Assignment: Only one stretch of the data below is wanted: the lines starting at the one with "Men’S Casual Cropped" and ending at the one with "すらりとしたポインテッドトゥ", both included, given again exactly.
= Beginning of Section =
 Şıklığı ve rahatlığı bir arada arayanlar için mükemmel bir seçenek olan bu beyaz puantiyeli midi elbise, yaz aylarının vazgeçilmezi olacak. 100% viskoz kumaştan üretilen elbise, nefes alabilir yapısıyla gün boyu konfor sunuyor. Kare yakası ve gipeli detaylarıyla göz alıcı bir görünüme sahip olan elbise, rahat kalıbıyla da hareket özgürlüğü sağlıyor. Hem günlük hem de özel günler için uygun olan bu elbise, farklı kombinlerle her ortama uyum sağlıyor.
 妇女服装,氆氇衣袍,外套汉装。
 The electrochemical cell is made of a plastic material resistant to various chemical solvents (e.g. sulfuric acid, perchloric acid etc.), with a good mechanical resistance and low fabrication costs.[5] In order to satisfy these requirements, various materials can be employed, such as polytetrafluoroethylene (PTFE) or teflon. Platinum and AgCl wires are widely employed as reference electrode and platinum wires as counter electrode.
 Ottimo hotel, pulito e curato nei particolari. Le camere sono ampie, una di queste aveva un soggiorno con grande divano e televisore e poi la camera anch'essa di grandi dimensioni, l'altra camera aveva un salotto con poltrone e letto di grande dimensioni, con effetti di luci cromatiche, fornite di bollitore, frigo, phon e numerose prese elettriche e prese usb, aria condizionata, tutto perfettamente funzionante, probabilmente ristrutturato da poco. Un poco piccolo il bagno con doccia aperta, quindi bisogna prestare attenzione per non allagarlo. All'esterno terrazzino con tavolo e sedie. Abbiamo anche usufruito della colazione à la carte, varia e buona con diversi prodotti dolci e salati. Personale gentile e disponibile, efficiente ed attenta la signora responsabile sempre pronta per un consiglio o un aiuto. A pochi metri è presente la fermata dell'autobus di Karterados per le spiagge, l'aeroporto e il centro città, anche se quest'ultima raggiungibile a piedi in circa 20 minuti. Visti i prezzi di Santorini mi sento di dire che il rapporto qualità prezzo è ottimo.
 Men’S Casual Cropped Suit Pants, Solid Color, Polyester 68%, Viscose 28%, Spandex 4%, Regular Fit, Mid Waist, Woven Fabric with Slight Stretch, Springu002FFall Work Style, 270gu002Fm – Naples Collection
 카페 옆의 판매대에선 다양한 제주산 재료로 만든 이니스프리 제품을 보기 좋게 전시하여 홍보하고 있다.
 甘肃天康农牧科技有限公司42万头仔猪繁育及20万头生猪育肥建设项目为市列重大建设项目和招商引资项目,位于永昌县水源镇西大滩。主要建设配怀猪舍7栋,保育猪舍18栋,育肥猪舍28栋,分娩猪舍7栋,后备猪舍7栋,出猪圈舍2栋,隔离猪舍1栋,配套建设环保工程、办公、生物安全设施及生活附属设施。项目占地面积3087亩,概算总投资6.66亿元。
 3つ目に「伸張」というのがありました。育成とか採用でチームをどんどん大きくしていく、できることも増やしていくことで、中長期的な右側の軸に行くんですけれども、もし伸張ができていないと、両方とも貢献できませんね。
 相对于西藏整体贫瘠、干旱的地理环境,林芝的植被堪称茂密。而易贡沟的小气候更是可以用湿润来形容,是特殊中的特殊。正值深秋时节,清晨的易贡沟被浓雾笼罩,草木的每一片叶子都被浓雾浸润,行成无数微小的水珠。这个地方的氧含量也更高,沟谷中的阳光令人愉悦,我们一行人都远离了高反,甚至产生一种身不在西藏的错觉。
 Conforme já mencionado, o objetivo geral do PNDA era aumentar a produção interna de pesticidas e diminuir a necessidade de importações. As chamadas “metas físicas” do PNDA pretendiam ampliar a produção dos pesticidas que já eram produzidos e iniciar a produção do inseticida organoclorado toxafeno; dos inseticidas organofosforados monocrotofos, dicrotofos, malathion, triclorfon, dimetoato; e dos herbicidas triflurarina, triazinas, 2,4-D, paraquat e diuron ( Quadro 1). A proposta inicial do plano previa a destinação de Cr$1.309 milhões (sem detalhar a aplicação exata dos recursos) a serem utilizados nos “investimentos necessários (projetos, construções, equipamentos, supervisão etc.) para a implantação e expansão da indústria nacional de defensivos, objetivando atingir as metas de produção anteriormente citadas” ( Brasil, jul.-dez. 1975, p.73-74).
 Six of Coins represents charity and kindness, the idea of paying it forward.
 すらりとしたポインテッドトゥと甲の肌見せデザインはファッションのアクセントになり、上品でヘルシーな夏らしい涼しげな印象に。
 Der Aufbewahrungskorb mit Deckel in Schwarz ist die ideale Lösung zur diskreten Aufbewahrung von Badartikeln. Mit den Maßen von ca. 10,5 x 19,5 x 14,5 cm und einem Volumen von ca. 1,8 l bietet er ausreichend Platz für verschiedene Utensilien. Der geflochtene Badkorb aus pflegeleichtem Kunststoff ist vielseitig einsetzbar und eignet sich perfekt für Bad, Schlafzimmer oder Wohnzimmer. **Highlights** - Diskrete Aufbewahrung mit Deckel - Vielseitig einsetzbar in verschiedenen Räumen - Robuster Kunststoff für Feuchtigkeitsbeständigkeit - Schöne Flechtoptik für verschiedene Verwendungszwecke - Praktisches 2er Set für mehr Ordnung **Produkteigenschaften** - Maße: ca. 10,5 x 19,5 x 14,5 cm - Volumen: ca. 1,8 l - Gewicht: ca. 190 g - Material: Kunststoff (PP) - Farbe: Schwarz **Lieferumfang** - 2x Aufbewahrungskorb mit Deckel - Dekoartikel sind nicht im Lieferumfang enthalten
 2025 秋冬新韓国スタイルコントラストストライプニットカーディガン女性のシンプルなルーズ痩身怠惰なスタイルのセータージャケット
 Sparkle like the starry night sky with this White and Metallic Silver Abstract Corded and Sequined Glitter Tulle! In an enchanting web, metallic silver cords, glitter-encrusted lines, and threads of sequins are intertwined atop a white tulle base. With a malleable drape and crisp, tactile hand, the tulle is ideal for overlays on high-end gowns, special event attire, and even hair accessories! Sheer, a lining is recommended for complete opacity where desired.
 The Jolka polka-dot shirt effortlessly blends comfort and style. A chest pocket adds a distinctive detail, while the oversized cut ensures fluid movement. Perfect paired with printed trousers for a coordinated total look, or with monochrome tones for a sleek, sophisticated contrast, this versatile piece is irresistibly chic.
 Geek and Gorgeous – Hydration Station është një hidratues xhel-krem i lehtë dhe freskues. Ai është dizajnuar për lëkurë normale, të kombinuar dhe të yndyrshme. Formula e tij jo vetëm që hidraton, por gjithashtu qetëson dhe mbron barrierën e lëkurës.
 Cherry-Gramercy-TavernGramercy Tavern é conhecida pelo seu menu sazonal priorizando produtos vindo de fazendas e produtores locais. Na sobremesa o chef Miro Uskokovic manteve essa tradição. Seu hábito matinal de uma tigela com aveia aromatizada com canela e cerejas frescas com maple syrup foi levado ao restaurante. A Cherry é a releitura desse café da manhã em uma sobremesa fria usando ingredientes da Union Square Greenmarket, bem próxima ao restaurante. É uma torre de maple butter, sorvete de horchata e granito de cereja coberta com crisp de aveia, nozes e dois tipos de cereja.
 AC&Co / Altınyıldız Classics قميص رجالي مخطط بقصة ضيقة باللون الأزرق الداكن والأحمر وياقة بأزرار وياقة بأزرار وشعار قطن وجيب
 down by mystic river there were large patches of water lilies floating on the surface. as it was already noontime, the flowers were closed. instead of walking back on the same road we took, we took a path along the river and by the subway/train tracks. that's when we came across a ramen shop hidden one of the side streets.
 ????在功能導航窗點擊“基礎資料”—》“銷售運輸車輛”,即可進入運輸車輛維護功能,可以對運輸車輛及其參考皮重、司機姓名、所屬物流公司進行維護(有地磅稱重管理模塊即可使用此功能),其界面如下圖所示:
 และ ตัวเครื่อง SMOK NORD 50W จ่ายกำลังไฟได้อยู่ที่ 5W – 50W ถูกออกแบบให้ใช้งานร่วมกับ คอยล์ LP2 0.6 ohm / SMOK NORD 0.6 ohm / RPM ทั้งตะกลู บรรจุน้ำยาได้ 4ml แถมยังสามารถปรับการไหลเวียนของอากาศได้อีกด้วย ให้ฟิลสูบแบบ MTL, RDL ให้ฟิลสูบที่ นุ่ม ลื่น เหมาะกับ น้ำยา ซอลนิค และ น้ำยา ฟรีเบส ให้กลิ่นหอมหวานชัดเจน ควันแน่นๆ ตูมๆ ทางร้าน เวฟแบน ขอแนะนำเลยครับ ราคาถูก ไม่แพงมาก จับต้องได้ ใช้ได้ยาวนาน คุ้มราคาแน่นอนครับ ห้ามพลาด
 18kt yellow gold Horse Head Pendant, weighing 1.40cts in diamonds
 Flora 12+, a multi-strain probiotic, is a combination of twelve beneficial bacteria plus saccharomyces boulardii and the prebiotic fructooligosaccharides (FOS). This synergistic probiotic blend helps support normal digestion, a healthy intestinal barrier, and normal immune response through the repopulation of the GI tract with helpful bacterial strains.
= End of Section =
Task output:
 Men’S Casual Cropped Suit Pants, Solid Color, Polyester 68%, Viscose 28%, Spandex 4%, Regular Fit, Mid Waist, Woven Fabric with Slight Stretch, Springu002FFall Work Style, 270gu002Fm – Naples Collection
 카페 옆의 판매대에선 다양한 제주산 재료로 만든 이니스프리 제품을 보기 좋게 전시하여 홍보하고 있다.
 甘肃天康农牧科技有限公司42万头仔猪繁育及20万头生猪育肥建设项目为市列重大建设项目和招商引资项目,位于永昌县水源镇西大滩。主要建设配怀猪舍7栋,保育猪舍18栋,育肥猪舍28栋,分娩猪舍7栋,后备猪舍7栋,出猪圈舍2栋,隔离猪舍1栋,配套建设环保工程、办公、生物安全设施及生活附属设施。项目占地面积3087亩,概算总投资6.66亿元。
 3つ目に「伸張」というのがありました。育成とか採用でチームをどんどん大きくしていく、できることも増やしていくことで、中長期的な右側の軸に行くんですけれども、もし伸張ができていないと、両方とも貢献できませんね。
 相对于西藏整体贫瘠、干旱的地理环境,林芝的植被堪称茂密。而易贡沟的小气候更是可以用湿润来形容,是特殊中的特殊。正值深秋时节,清晨的易贡沟被浓雾笼罩,草木的每一片叶子都被浓雾浸润,行成无数微小的水珠。这个地方的氧含量也更高,沟谷中的阳光令人愉悦,我们一行人都远离了高反,甚至产生一种身不在西藏的错觉。
 Conforme já mencionado, o objetivo geral do PNDA era aumentar a produção interna de pesticidas e diminuir a necessidade de importações. As chamadas “metas físicas” do PNDA pretendiam ampliar a produção dos pesticidas que já eram produzidos e iniciar a produção do inseticida organoclorado toxafeno; dos inseticidas organofosforados monocrotofos, dicrotofos, malathion, triclorfon, dimetoato; e dos herbicidas triflurarina, triazinas, 2,4-D, paraquat e diuron ( Quadro 1). A proposta inicial do plano previa a destinação de Cr$1.309 milhões (sem detalhar a aplicação exata dos recursos) a serem utilizados nos “investimentos necessários (projetos, construções, equipamentos, supervisão etc.) para a implantação e expansão da indústria nacional de defensivos, objetivando atingir as metas de produção anteriormente citadas” ( Brasil, jul.-dez. 1975, p.73-74).
 Six of Coins represents charity and kindness, the idea of paying it forward.
 すらりとしたポインテッドトゥと甲の肌見せデザインはファッションのアクセントになり、上品でヘルシーな夏らしい涼しげな印象に。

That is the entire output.